__SOURCE MATERIAL__.
▽
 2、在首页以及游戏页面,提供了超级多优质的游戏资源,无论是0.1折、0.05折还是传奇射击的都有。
△
▽
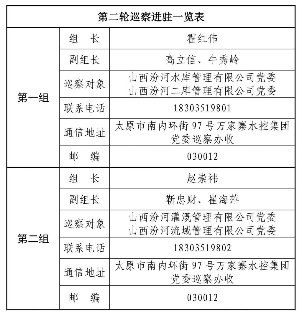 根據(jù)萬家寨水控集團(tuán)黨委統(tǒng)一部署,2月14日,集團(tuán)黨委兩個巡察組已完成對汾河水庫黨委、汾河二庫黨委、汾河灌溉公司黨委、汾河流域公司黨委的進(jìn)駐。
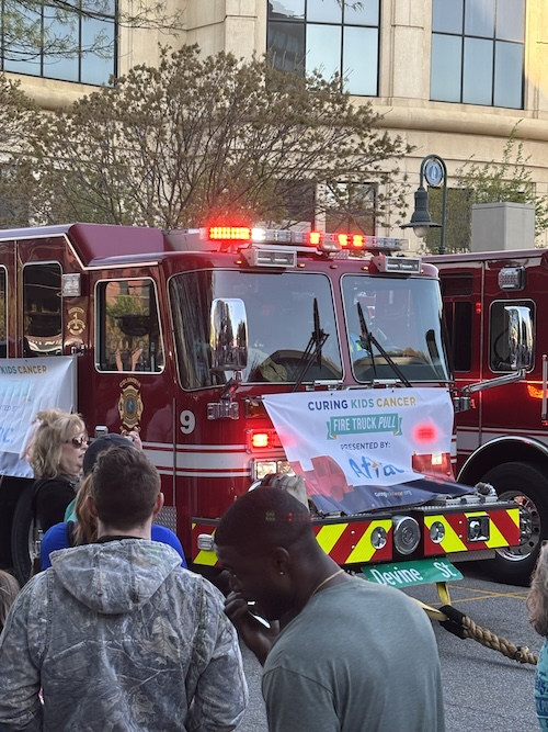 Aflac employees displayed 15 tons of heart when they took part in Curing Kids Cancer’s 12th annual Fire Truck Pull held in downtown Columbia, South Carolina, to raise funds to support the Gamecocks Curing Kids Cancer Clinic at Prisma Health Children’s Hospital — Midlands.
△
__EXERCISE GOAL__.
Would you copy out, exactly and with no pictures, only the lines above from the one that contains "根據(jù)萬家寨水控集團(tuán)黨" through the one that contains "Aflac employees displayed"?

__RESPONSE AREA__.
 根據(jù)萬家寨水控集團(tuán)黨委統(tǒng)一部署,2月14日,集團(tuán)黨委兩個巡察組已完成對汾河水庫黨委、汾河二庫黨委、汾河灌溉公司黨委、汾河流域公司黨委的進(jìn)駐。
 Aflac employees displayed 15 tons of heart when they took part in Curing Kids Cancer’s 12th annual Fire Truck Pull held in downtown Columbia, South Carolina, to raise funds to support the Gamecocks Curing Kids Cancer Clinic at Prisma Health Children’s Hospital — Midlands.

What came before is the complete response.